The application of bioluminescent reporters has enabled the noninvasive, longitudinal monitoring of hematologic malignant cells for in vivo studies of cellular migration and expansion, as well evaluation of responses to cytotoxic therapy.25–30 Luciferase reporters provide great sensitivity because of the extremely low background luminescence in wild-type animals and represent a broadly applicable approach to noninvasive disease monitoring.31–33 Firefly luciferase is particularly versatile as a bioluminescent reporter, as a significant portion of its emission spectrum is > 600 nm, wavelengths that achieve good tissue penetrance.34 Although these reporters require introduction of a novel substrate to achieve luminescence, the 2 most common substrates for bioluminescent reporters, luciferin and colenterazine, are well tolerated by animals. The kinetics after intraperitoneal administration of D-luciferin are reliable and reproducible with peak emission times exceeding several minutes.34
Lentiviral transduction has been shown to be an effective method for gene transfer into primary human ALL blasts.35–37 In this study, we use lentivirus-mediated gene transfer of luciferase to generate a panel of bioluminescent primary ALL samples and perform a systematic study of early engraftment kinetics using multiple ALL cell lines and primary samples. By enabling quantification of early disease burdens and identification of specific organ involvement, the ability to generate bioluminescent primary ALL samples reproducibly will provide the means for standardization and more accurate comparison of preclinical of ALL treatment responses.
Methods
Cells and patient samples
The human BCP ALL lines Nalm-6 and RS4-11 were obtained from ATCC, and 380 was kindly provided by Dr Dario Campana (St Jude). Mouse BCP ALL cell lines 289 and t309 were previously derived from primary leukemias developing in Eμ-Ret fusion protein transgenic mice on a BALB/cJ background.38–40 Mouse cell lines were cultured in RPMI medium with 20% FBS and 3% IL-7 supernatant, as previously described.40 Human lines were cultured in RPMI medium with 10% FBS and 1% penicillin/streptomycin. Human ALL samples were obtained as deidentified samples from the Leukemia Bank at the University of Pennsylvania and the ALL Cell Bank maintained by the Children's Oncology Group. The samples were collected for both cell banks under the Children's Hospital of Philadelphia Institutional Review Board–approved protocols and distributed under standard material transfer agreements. ALL-1 was obtained from peripheral blood of an adult ALL patient; ALL-2 and ALL-3 were obtained from bone marrow of pediatric ALL patients at diagnosis.

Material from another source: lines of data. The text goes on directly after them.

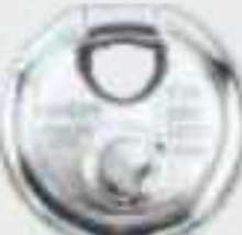
P 390 SS
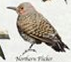
Northern Flicker Colaptes auratus
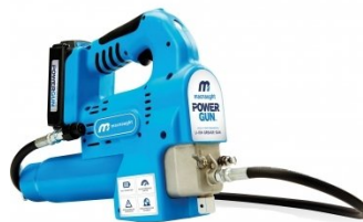
G067 Lithium-ion Battery Operated - Grease Gun
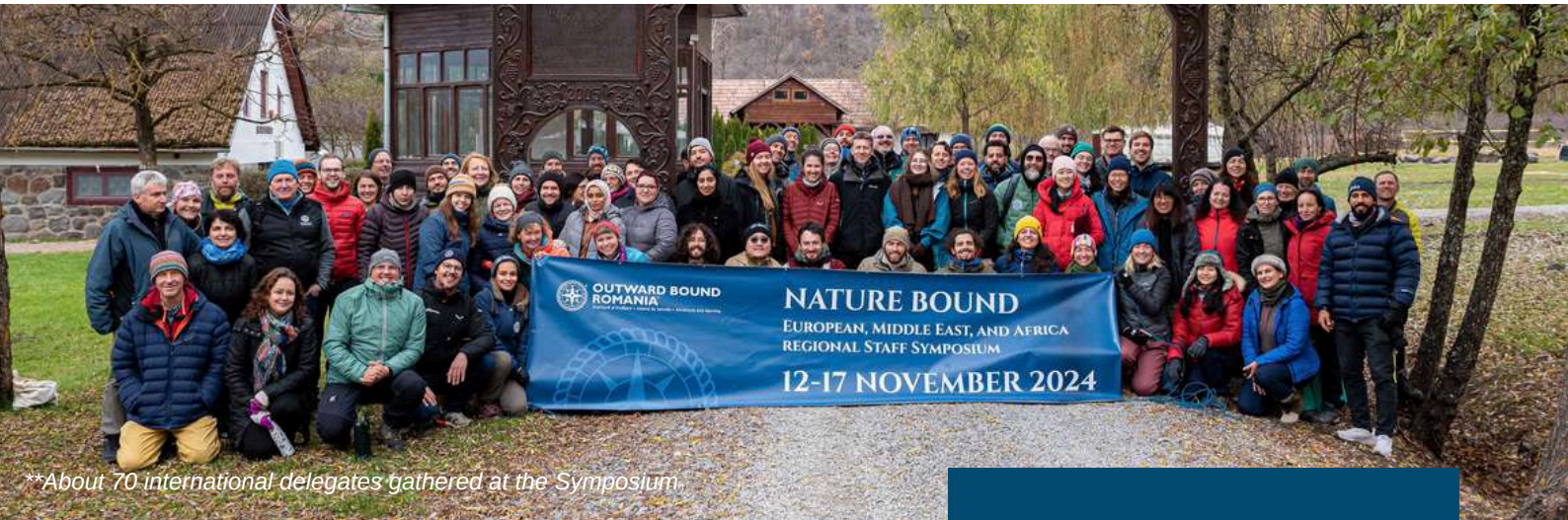
**About 70 international delegates gathered at the Symposium.
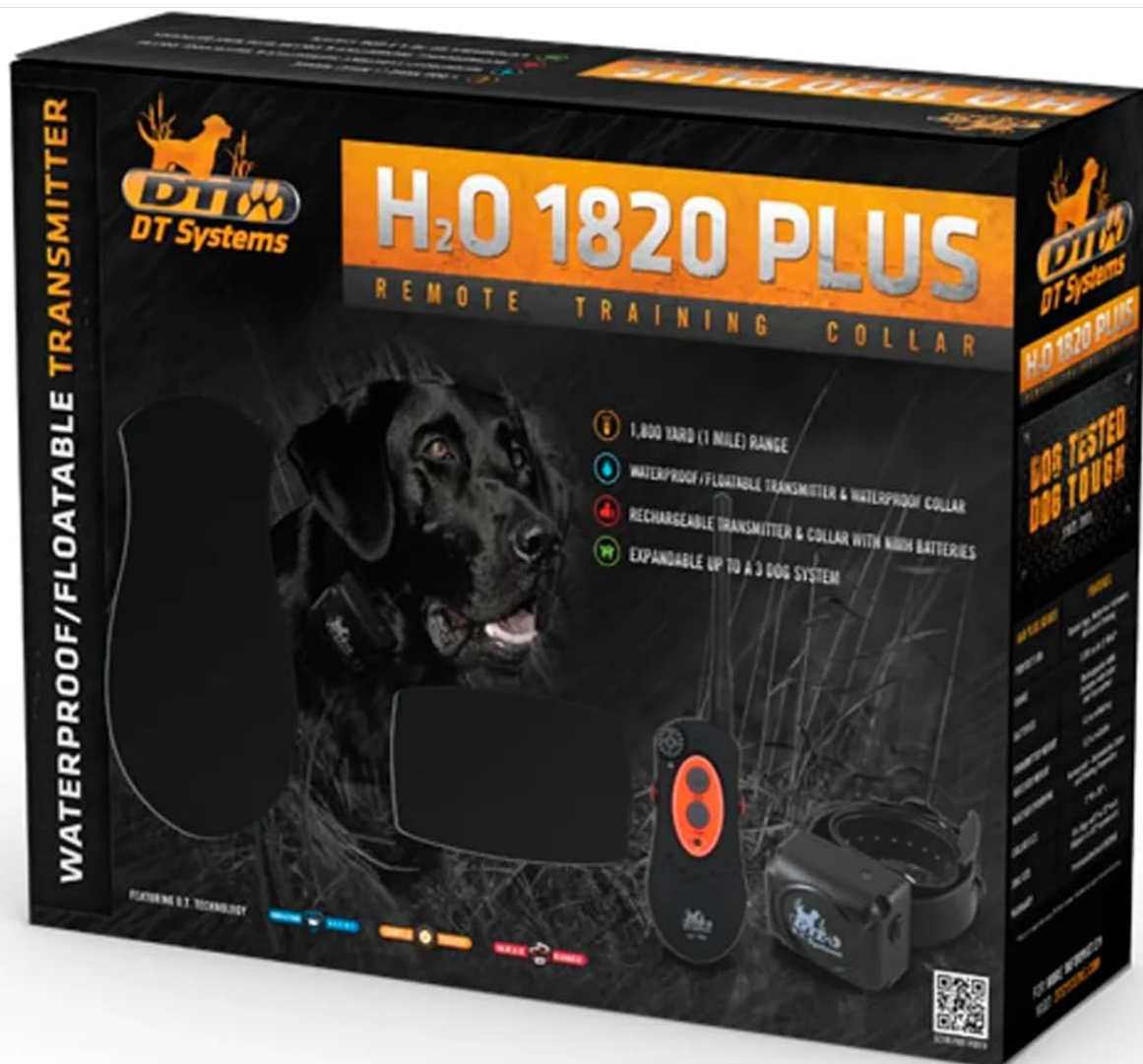
Image: The H2O1820 Plus product box, displaying the remote transmitter, collar receiver, and various accessories included in the package.

Mouse xenograft and allograft studies
Briefly, 6- to 10-week-old NOD.Cg-Prkdcscid/IL2rgtm1Wjl/SzJ (NSG) and NOD.CB17-Prkdcscid/J (NS) mice were obtained from The Jackson Laboratory or bred in-house and maintained under specific pathogen-free conditions. Animals were injected via tail vein with 106 viable murine or human leukemia cells in 0.2 mL sterile PBS unless otherwise indicated. Peripheral blood was obtained by retro-orbital bleeding, and the presence of ALL blasts was determined by flow cytometry. Human CD19 and CD45 and mouse B220 and BP-1 expression was detected by staining with fluorescently conjugated monoclonal antibodies (BD Biosciences). All experiments were conducted under the supervision of the facility's Institutional Animal Care and Use Committee according to an Institutional Animal Care and Use Committee–approved protocol.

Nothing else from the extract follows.